Why me? he wondered again, thinking of the reasons she told him. Her explanation made sense, he was known to the Honin-Zays. Some doubt still lingered. But the money he would get, what he had already been paid, put those doubts away for the moment.
He stopped at one of the lasepics hanging on his wall. Despite the memories the image dredged up, a smile slowly and sadly made its way across his face. There he was, what, two years ago? He had been on holiday, the beaches at Hombrun Isle. Beautiful. Beautiful. It was the only time he had taken Selina anywhere outside the Yharria.
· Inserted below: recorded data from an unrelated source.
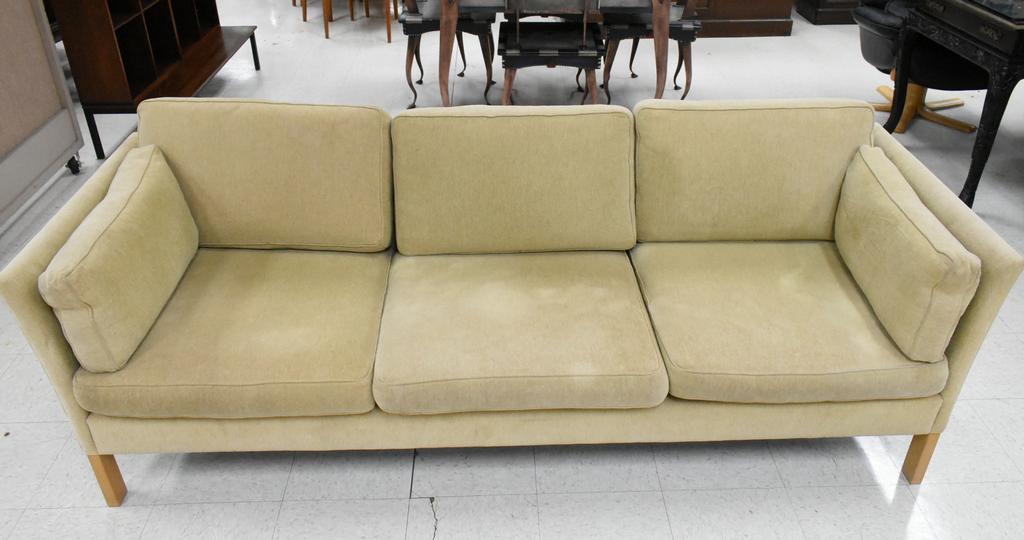 Modernist sofa with beige tweed upholstery. 82.25" W, 28.25" D, 29" H.
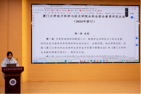 学术部负责人艾思丹对学院2024年修订的《厦门大学电子科学与技术学院本科生综合素质评定办法》进行解读,对其中修改的细节进行了详细的讲解。此次解读培训会让同学们对综测有了更清晰的了解,对未来几年的学涯规划、努力方向有了进一步认知。
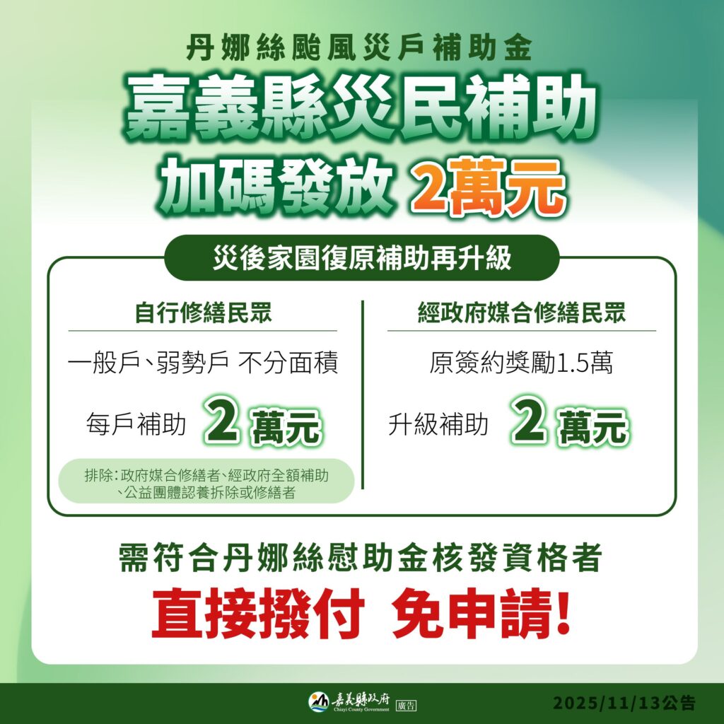 丹娜絲風災嘉義縣加發「加速重整家園補助金」2萬元 即日起陸續撥付
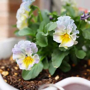 フリル咲きビオラ 恋みやび。 優しい色合いに一目惚れ😍 お一人様植えにしようか、寄せ植えにしようか思案中です😅
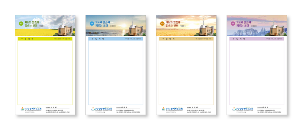 교회가 사용하시는 모든 사이즈로 제작이 가능합니다. (4면, 6면, 8면 등)
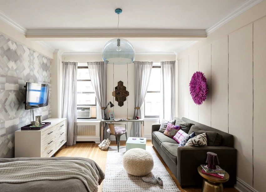 When decorating the living room-bedroom, it is important to choose the right place for the bed and the area for receiving guests
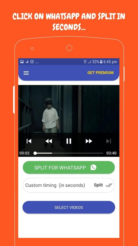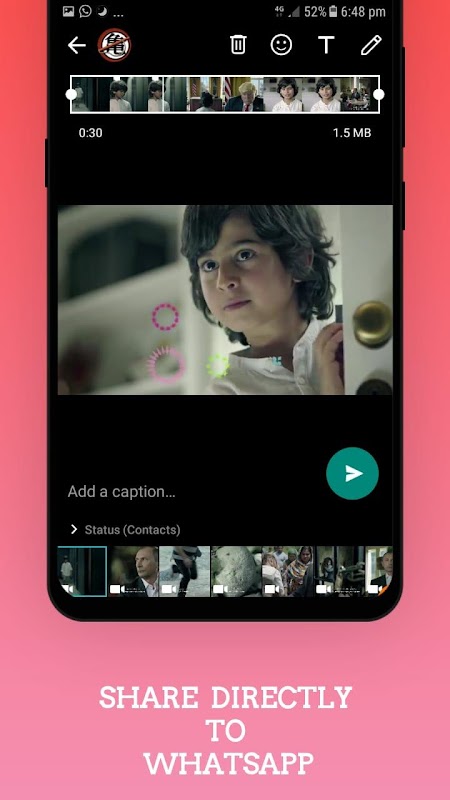 Splitter status video memungkinkan Anda membagi aplikasi Anda dengan WhatsApp Status, Instagram Stories, Facebook dan Sanpchat

Selina, he thought, touching the woman’s image standing next to him in the pic. The woman smiled back at him from the glossy photo. Light blue skin, Terran features, long black hair. Selina was half Terran and half Senitte, which, as he remembered, had been part of the attraction. She had helped him forget about his life before Alpha-Seni. At least for a while, while he was with Selina, the nightmares had stopped.
Why do I even keep these images? He thought again for the millionth time. I don’t have time for stroking sentiment! The sooner I start this job, the sooner I get it done and get paid.